San Francisco punk zine, 1979–1981

Damage #1, July 1979

Damage - officially Damage: An Inventory - was a punk fanzine from San Francisco, California. There were 13 issues, from July 1979 to June 1981, appearing roughly every two months. It was printed on 11-1/2 x 17-3/4″ newsprint. Issues were generally 36 to 48 pages long. Its editor was Brad Lapin. Contributors included Jello Biafra, Ginger Coyote, Geza X, and f-stop Fitzgerald. Two of the issues were 28- and 32-page free guides to the Western Front music and art festival in San Francisco for 1979 and 1980.

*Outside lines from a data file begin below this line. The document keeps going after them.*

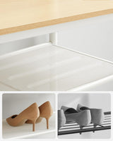 Fijnmazige roosterplankenOok hoge hakken en kleine voorwerpen kunnen er stevig op worden opgeborgen, zonder dat ze eraf vallen. |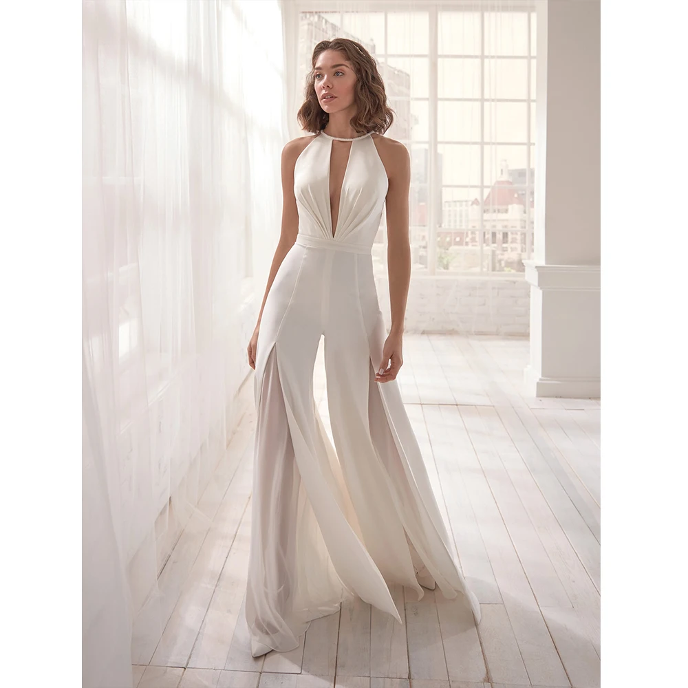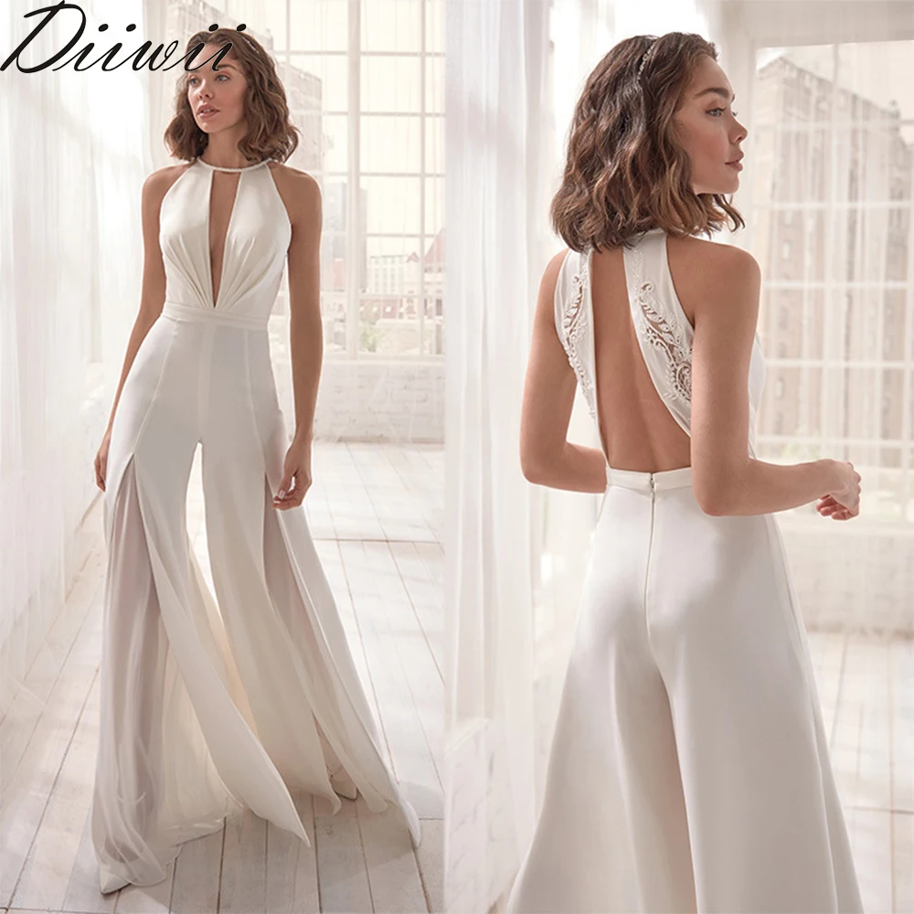 Diiwii Women Jumpsuit Deep V Neck Sleeveless Halter Rompers Backless White Elegant  Sexy Female Lady Girl With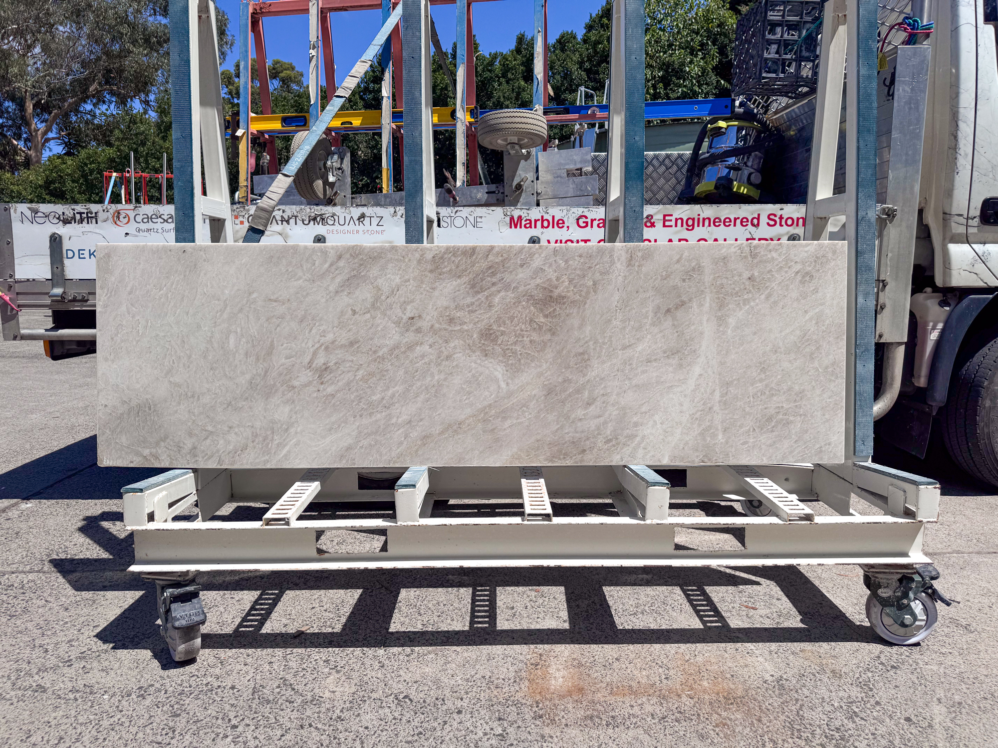 This off cut of Taj Mahal Quartzite embodies graceful texture and elegant composition, which make it a perfect choice for stone benchtops and splashbacks.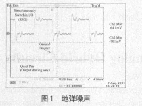 模擬信號(hào)與數(shù)字信號(hào)相比,對(duì)噪聲的敏感程度要大得多,因?yàn)槟M電路的工作依賴連續(xù)變化的電流和電壓,任何微小的干擾都能影響它的正常工作,而數(shù)字電路的工作依賴在接收端根據(jù)預(yù)先定義的電壓電平或門限對(duì)高電平或低電平的檢測(cè),具有一定的抗干擾能力。但在混合信號(hào)環(huán)境中,數(shù)字信號(hào)相對(duì)模擬信號(hào)而言是一種噪聲源。數(shù)字電路工作時(shí),穩(wěn)定的有效電壓只有高低電平兩種電壓。當(dāng)數(shù)字邏輯輸出由高電壓變?yōu)榈碗妷海撈骷慕拥毓苣_就會(huì)放電,產(chǎn)生開(kāi)關(guān)電流,這就是電路的開(kāi)關(guān)動(dòng)作。數(shù)字電路的速度越快,其開(kāi)關(guān)時(shí)間一般也要求越短,當(dāng)大量的開(kāi)關(guān)電路同時(shí)由邏輯高電平變?yōu)檫壿嫷碗娖綍r(shí),由于地線通過(guò)電流的能力不夠,大量的開(kāi)關(guān)電流就會(huì)引起邏輯地電壓發(fā)生波動(dòng),我們稱為地彈。如圖1 所示。數(shù)字電路造成的地彈噪聲和電源擾動(dòng),如果耦合到模擬電路中,就會(huì)影響模擬電路的工作性能。由于相當(dāng)多的干擾源是通過(guò)電源和地總線產(chǎn)生的,其中地線引起的噪聲干擾最大,所以在PCB 設(shè)計(jì)時(shí)對(duì)地和電源的設(shè)計(jì)就顯得尤為重要。

Damage covered the punk scene in Northern and Southern California, as well as international developments. OP magazine called it "one of the best new wave publications". Reporting on the local scene in the San Francisco Examiner, Bill Mandel said that Damage was "the punk Bible" [for the Bay Area, presumably]. Archivist Ryan Richardson called it “a definite contender in a state crowded with fanzine heavyweights.” Nicholas Rombes used Damage as a source for nine entries in his A Cultural Dictionary of Punk. Writer Stevie Chick included a lengthy quote from a Damage article by Jeffrey Bale to describe Black Flag's increasing popularity in his book about the band.